Wednesday, January 20, 2010

We All Need a Little Help From Our Friends

I was asked recently by a colleague to write a newsletter article on Geriatric Care Management, and I realized this is a topic I haven't even written about here. So, not only did I get a newsletter article out on the topic, I also have a blog post.

My colleague, Zanda Hilger, is a busy, busy lady who does lots of teaching, counseling and consulting on aging issues here in Fort Worth. She has a website,, that is full of information. I encourage everyone to go check it out. And like me, Zanda is a caregiver, so she "gets it".

Being a caregiver is hard work. There is no other way to say it. Many of the people I see on a daily basis have jobs, spouses, children, and now they have the worry of having to provide increasing amounts of time devoted to parents or grandparents whose health is failing, who are functionally able to do less, and who need more and more assistance. It’s no wonder so many caregivers are fatigued and depressed and overwhelmed.

Sadly, little in our current health care delivery system is designed to make caring for older adults easy. Services are sporadic, care is fragmented, and it can feel like you need a PhD in bureaucratese to understand an insurance explanation of benefits.

For some, the assistance of a geriatric care manager (GCM) can be a life saver. A professional Geriatric Care Manager is someone who helps families who are caring for older relatives. GCMs can be especially helpful if the caregiver lives in another city or state from the family member needing help.

Many GCMs are trained and experienced in any of several fields related to care management, including nursing, gerontology, social work, or psychology, with a specialized focus on aging and elder care.

Unfortunately, most services provided by Geriatric Care Managers have to be paid out of pocket and can average $75.00 per hour.
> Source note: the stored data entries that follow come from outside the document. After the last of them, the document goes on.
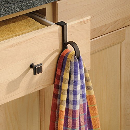 InterDesign Axis Over Cabinet Single Loop Kitchen Dish Towel Holder, Bronze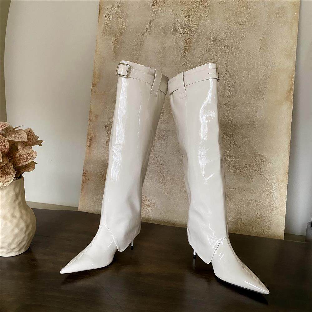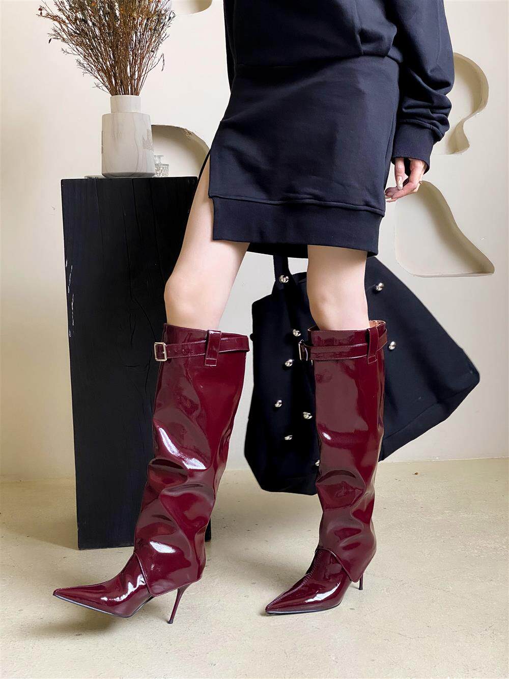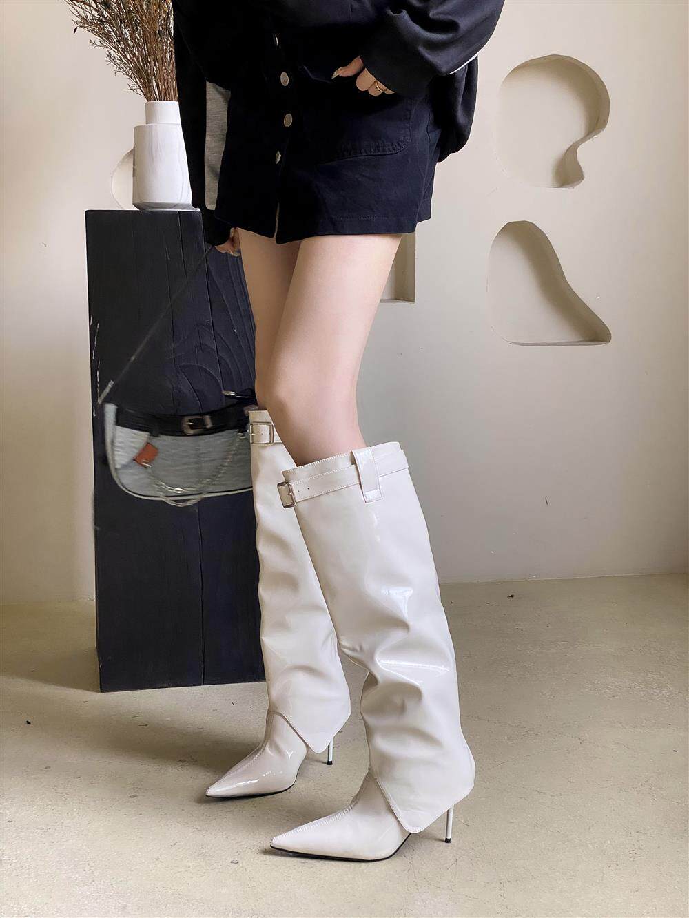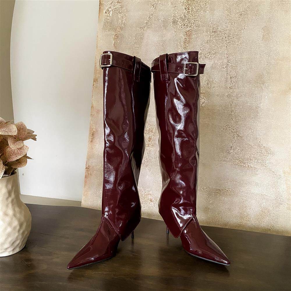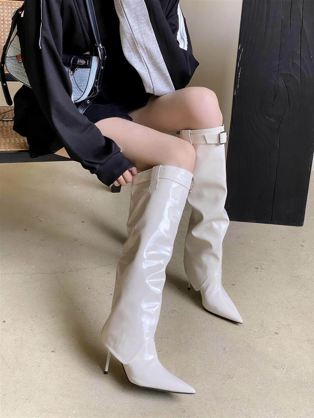 2025歐美風尖頭高跟漆皮亮面皮帶釦高筒不過膝長靴騎士靴女馬丁靴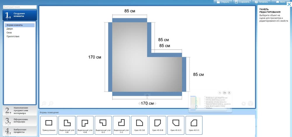 В Astron Design стоит запрет на импорт предметов со сторонних ресурсов. К тому же нельзя сделать проект всего дома или квартиры. Программа предназначена для работы над созданием интерьера одной комнаты. Зато интерфейс полностью русифицирован, что облегчает работу новичкам.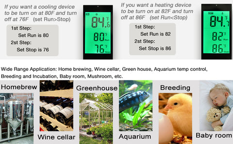 - 🎈【Widely Used】: Widely used for greenhouse,mushroom house, reptiles breeding, pet feeding, wine cellar, cigar storage, home brewing, seed germination, fermentation, baby room, attic fan, swamp cooler, evaporative cooler, space heater, wall panel heater, electric fireplace heater, garage, etc.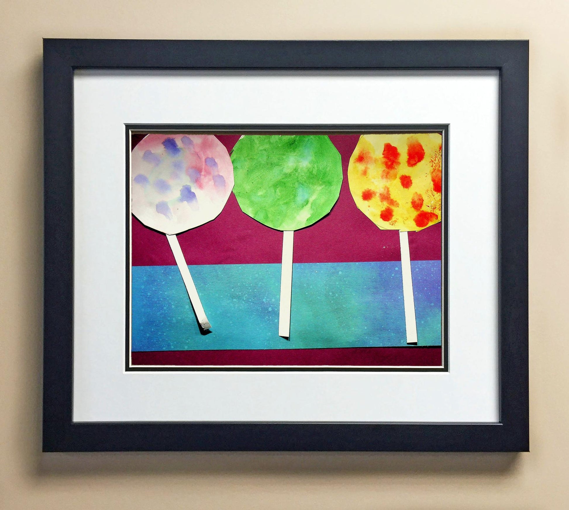 Included with the purchase is the Students Artwork, Frame, double matboard, shatter proof plexiglass, and a ready to hang backerboard with turnbuttons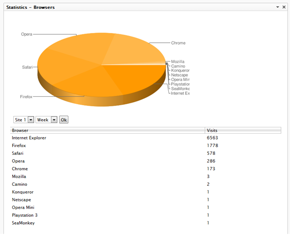 Beneath you can see a demontration of the Browser report displaying how many users use the different kind of web browsers. As you can see on the screenshot you can select data from different sites using the dropdown. The site dropdown is automagicaly populated based on the logon account for the gadget on Google Analytics. This means its not limited to the episerver site itself. The current relase of this gadget only support a basic time drill down: Today, this week, this month and this Year. Maybe a post a updated version of this gadget in the near future…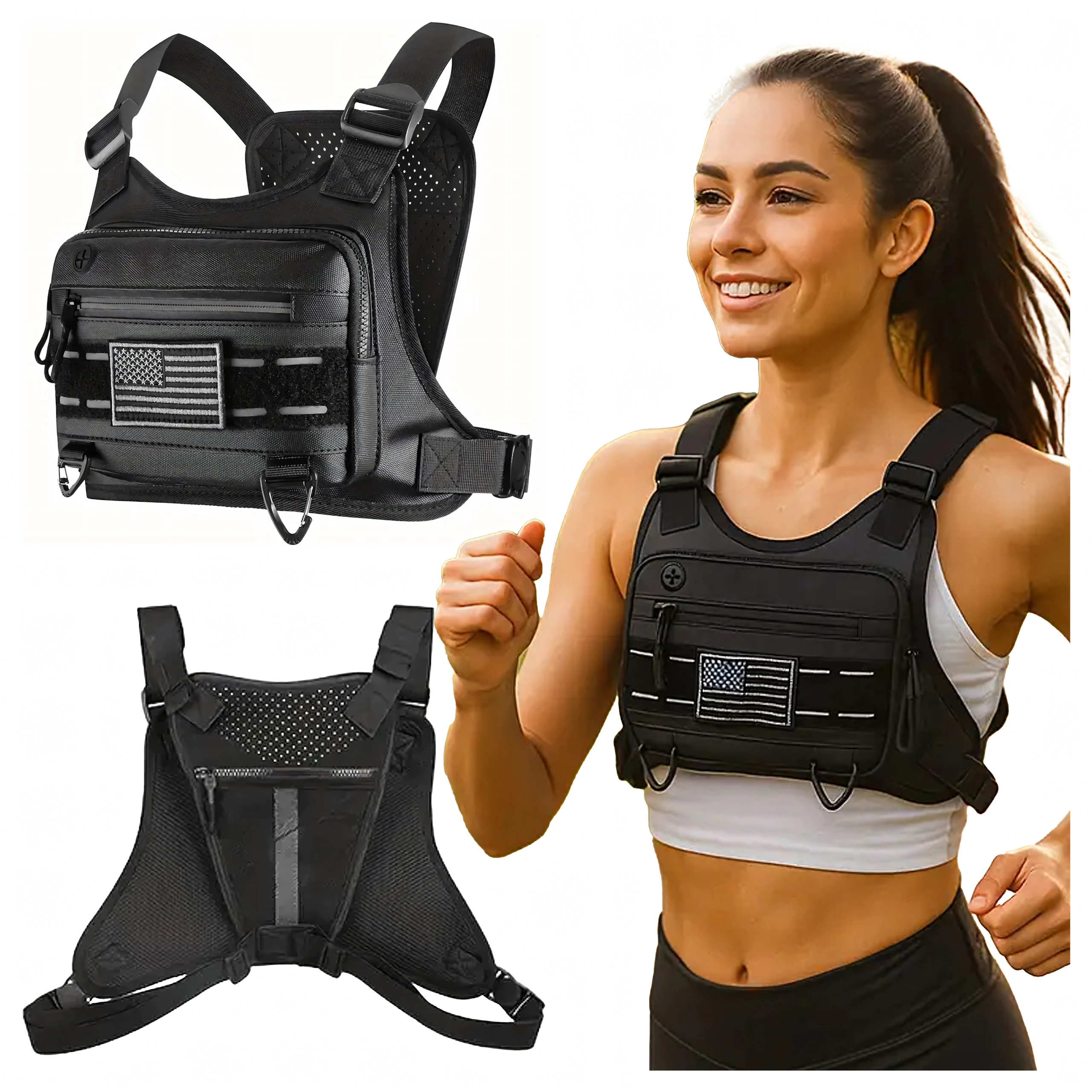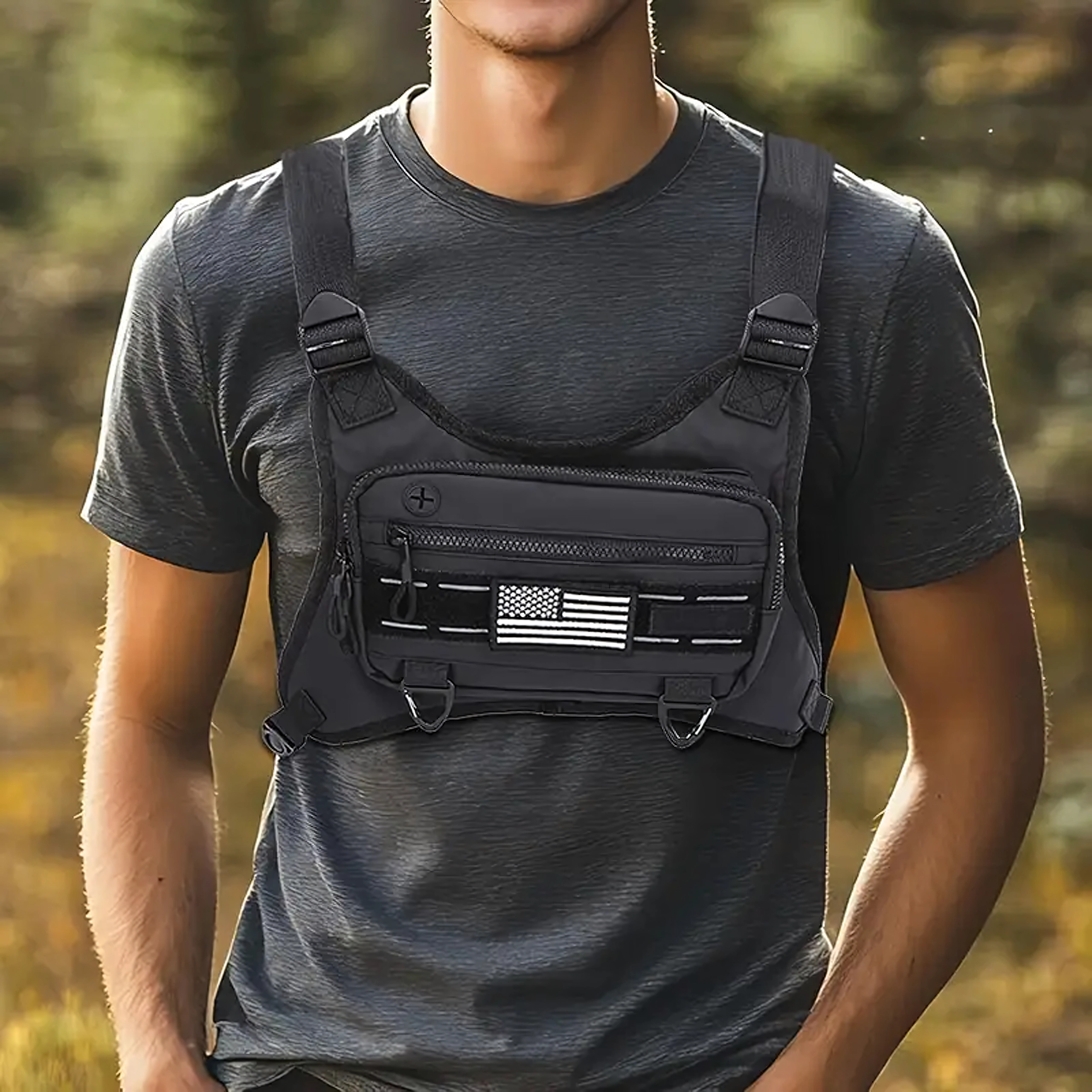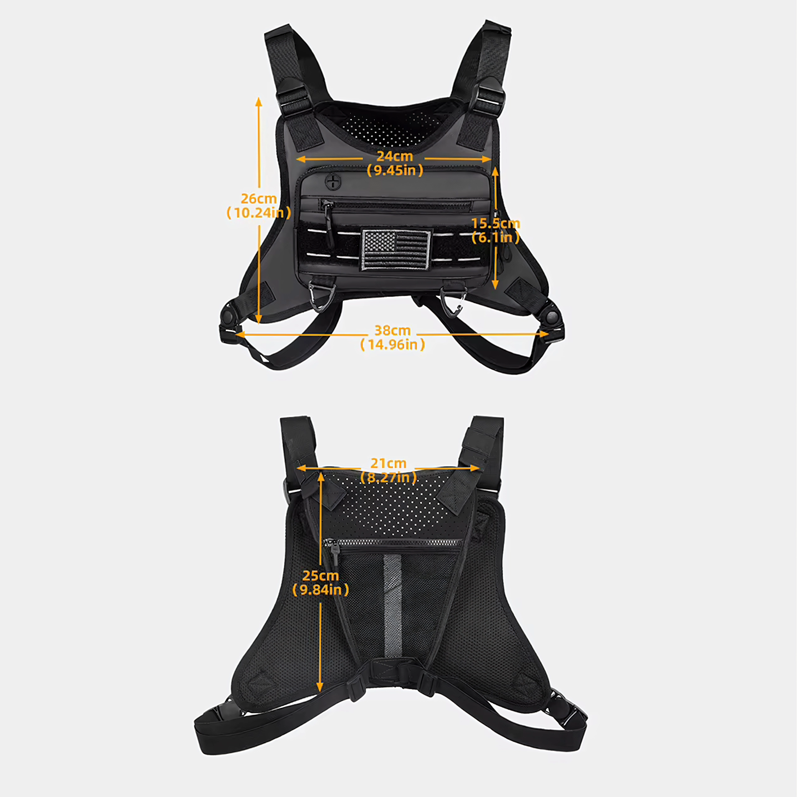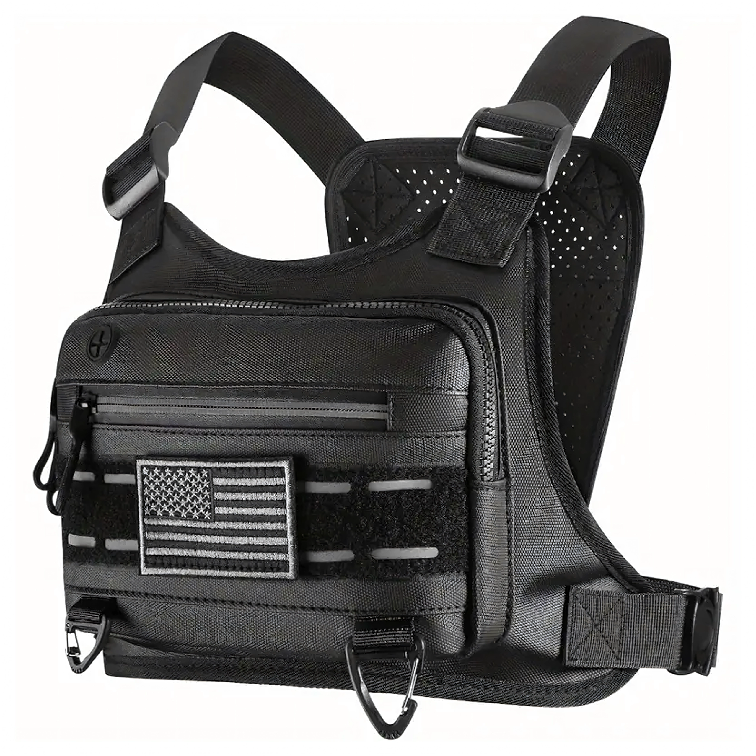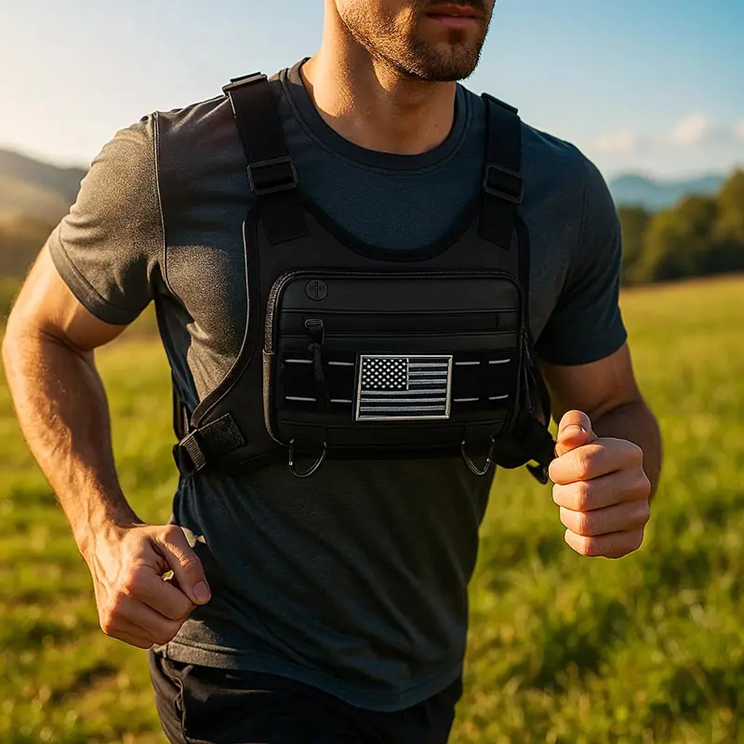 Táto univerzálna hrudná taška kombinuje taktický dizajn s pohodlím pre každodenný šport aj outdoor. Robustný materiál 600D odpudzuje vodu, zatiaľ čo sieťovaný zadný diel zabezpečuje ventiláciu a stabilné usadenie. Vďaka nastaviteľným ramenným a hrudným popruhom si tašku ľahko prispôsobíte na beh, cyklistiku, turistiku aj mestské dochádzanie.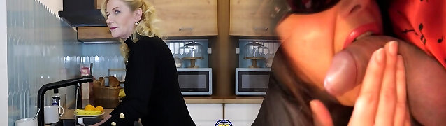 Randy blonde milf with yam-sized tits got fucked from the back while in the kitchen

Medicare and Medicaid do not cover care management services. Some long term care insurance policies do provide some coverage, so be sure to explore that if your loved one has this type of policy.

Some of the services a GCM can provide include:

  • Conducting care-planning assessments to identify problems and to provide solutions.
  • Screen, arrange, and monitor in-home help or other services, including assistance in hiring a qualified caregiver for home care.
  • Provide short- or long-term eldercare assistance for those engaged in local or long distance caregiving.
  • Review financial, legal, or medical issues and offer referrals to geriatric specialists.
  • Provide crisis intervention.
  • Act as a liaison to families at a distance, overseeing care, and quickly alerting families to problems – especially important when families are engaged in long distance caregiving for a loved one.
  • Assist with moving an older person to or from a retirement complex, assisted care home, or nursing home.
  • Provide consumer education and advocacy.
  • Offer eldercare counseling and support.

When talking to a GCM, there are some questions to be sure and ask:

  • What are your professional credentials?
  • Are you licensed in your profession?
  • Are you a member of the National Association of Professional Geriatric Care Managers?
  • How long have you been providing care management services?
  • Are you available for emergencies?
  • Does your company also provide home care services?
  • How do you communicate information to me?
  • What are your fees? (These should be provided to the consumer/responsible party in writing prior to services starting.)
  • Can you provide me with references?

Finding and hiring a care manager can make the hard work of being a caregiver a little less so. A care manager can be there to help understand the medical complexities so you can make informed decisions. They can help unravel insurance. Care managers will be connected to many service providers in your community, and they will be able to do a lot of the leg work and research so you can find the best care available for your loved one.